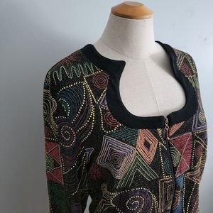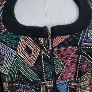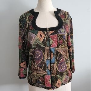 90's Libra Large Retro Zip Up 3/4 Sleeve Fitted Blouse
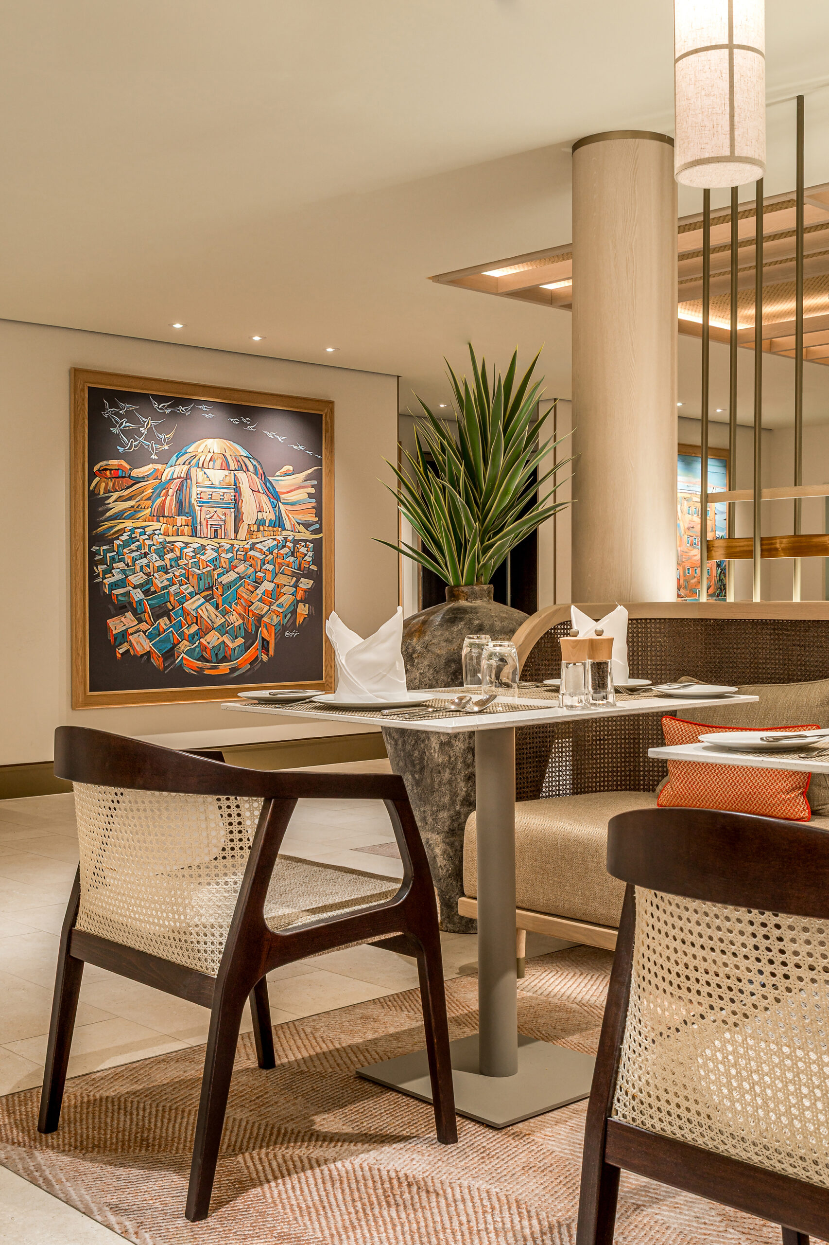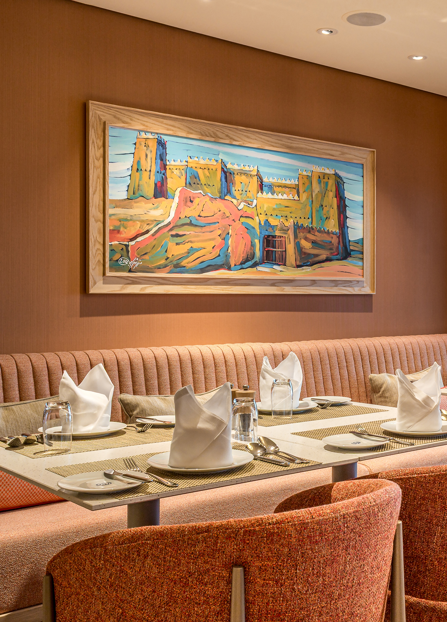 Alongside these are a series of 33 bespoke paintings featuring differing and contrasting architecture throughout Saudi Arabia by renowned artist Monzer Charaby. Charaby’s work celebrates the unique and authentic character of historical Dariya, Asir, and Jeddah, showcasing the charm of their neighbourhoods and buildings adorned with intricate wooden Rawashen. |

════════

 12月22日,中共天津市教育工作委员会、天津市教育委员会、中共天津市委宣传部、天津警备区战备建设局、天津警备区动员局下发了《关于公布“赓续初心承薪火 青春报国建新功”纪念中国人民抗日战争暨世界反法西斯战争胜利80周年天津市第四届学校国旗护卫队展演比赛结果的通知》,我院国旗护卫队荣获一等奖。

════════

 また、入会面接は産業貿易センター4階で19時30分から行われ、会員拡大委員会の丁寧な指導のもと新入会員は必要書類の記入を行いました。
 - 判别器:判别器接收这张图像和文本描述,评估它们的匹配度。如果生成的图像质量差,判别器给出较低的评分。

════════

§ Activity
Return, word for word, the lines of the data above from the line with "また、入会面接は産業貿易セン" through the line with "- 判别器:判别器接收这张图", inclusive.

§ Problem solution
 また、入会面接は産業貿易センター4階で19時30分から行われ、会員拡大委員会の丁寧な指導のもと新入会員は必要書類の記入を行いました。
 - 判别器:判别器接收这张图像和文本描述,评估它们的匹配度。如果生成的图像质量差,判别器给出较低的评分。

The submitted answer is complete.